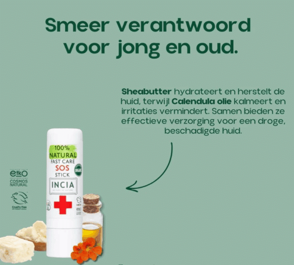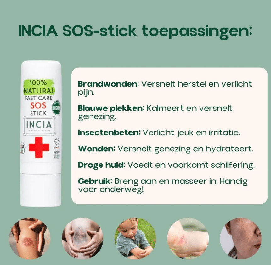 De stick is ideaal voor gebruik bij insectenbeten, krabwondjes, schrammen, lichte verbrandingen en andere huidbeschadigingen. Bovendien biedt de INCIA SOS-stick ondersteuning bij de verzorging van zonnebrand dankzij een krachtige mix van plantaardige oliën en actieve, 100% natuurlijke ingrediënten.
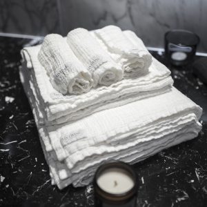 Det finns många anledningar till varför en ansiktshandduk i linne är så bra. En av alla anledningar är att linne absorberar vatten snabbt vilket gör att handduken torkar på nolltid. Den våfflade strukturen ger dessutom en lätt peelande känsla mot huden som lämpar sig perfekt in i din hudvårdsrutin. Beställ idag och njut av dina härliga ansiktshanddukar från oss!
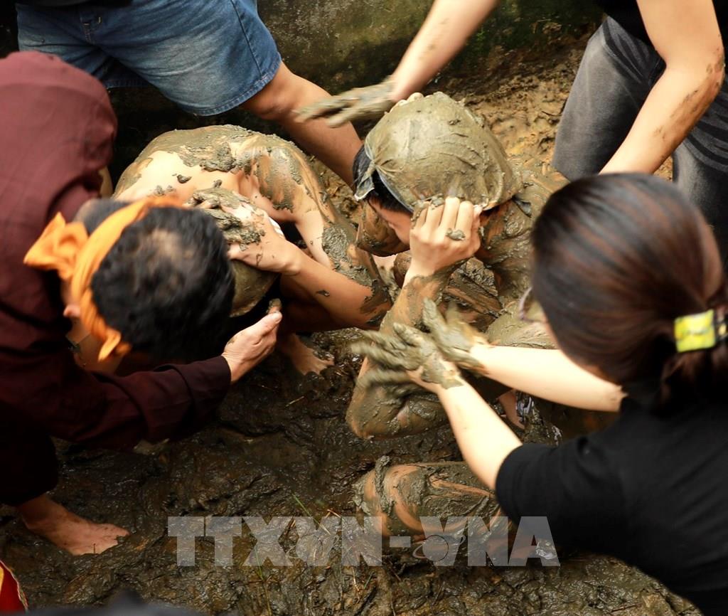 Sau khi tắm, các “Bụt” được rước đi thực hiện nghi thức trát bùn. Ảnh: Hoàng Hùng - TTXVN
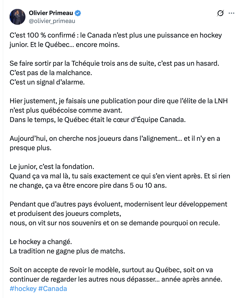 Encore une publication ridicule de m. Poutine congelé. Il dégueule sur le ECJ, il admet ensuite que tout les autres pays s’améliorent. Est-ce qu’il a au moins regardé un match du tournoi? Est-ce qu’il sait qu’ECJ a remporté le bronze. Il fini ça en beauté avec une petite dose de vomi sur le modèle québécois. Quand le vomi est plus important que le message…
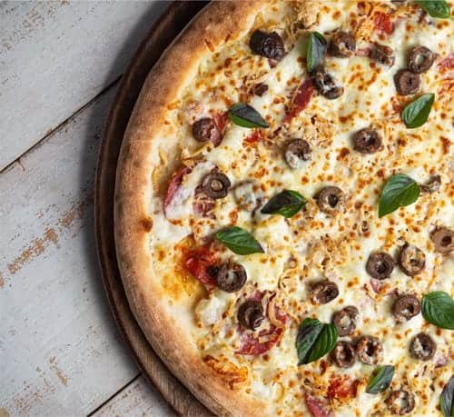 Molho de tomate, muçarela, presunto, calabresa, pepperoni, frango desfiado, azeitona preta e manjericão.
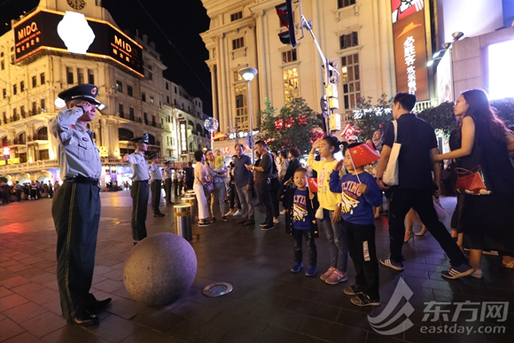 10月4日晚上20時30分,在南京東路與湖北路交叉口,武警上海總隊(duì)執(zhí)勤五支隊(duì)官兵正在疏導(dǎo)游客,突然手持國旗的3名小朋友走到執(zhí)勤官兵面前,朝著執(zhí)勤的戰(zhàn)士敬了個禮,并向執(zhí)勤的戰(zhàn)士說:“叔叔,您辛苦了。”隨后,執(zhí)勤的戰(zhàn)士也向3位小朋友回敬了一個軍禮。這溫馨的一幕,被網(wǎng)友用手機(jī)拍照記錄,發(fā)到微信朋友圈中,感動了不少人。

□ □ □ □ □

[Aim of the exercise]
The material shown above is to be repeated verbatim, and its pictures are to be omitted.

[Result below]
 De stick is ideaal voor gebruik bij insectenbeten, krabwondjes, schrammen, lichte verbrandingen en andere huidbeschadigingen. Bovendien biedt de INCIA SOS-stick ondersteuning bij de verzorging van zonnebrand dankzij een krachtige mix van plantaardige oliën en actieve, 100% natuurlijke ingrediënten.
 Det finns många anledningar till varför en ansiktshandduk i linne är så bra. En av alla anledningar är att linne absorberar vatten snabbt vilket gör att handduken torkar på nolltid. Den våfflade strukturen ger dessutom en lätt peelande känsla mot huden som lämpar sig perfekt in i din hudvårdsrutin. Beställ idag och njut av dina härliga ansiktshanddukar från oss!
 Sau khi tắm, các “Bụt” được rước đi thực hiện nghi thức trát bùn. Ảnh: Hoàng Hùng - TTXVN
 Encore une publication ridicule de m. Poutine congelé. Il dégueule sur le ECJ, il admet ensuite que tout les autres pays s’améliorent. Est-ce qu’il a au moins regardé un match du tournoi? Est-ce qu’il sait qu’ECJ a remporté le bronze. Il fini ça en beauté avec une petite dose de vomi sur le modèle québécois. Quand le vomi est plus important que le message…
 Molho de tomate, muçarela, presunto, calabresa, pepperoni, frango desfiado, azeitona preta e manjericão.
 10月4日晚上20時30分,在南京東路與湖北路交叉口,武警上海總隊(duì)執(zhí)勤五支隊(duì)官兵正在疏導(dǎo)游客,突然手持國旗的3名小朋友走到執(zhí)勤官兵面前,朝著執(zhí)勤的戰(zhàn)士敬了個禮,并向執(zhí)勤的戰(zhàn)士說:“叔叔,您辛苦了。”隨后,執(zhí)勤的戰(zhàn)士也向3位小朋友回敬了一個軍禮。這溫馨的一幕,被網(wǎng)友用手機(jī)拍照記錄,發(fā)到微信朋友圈中,感動了不少人。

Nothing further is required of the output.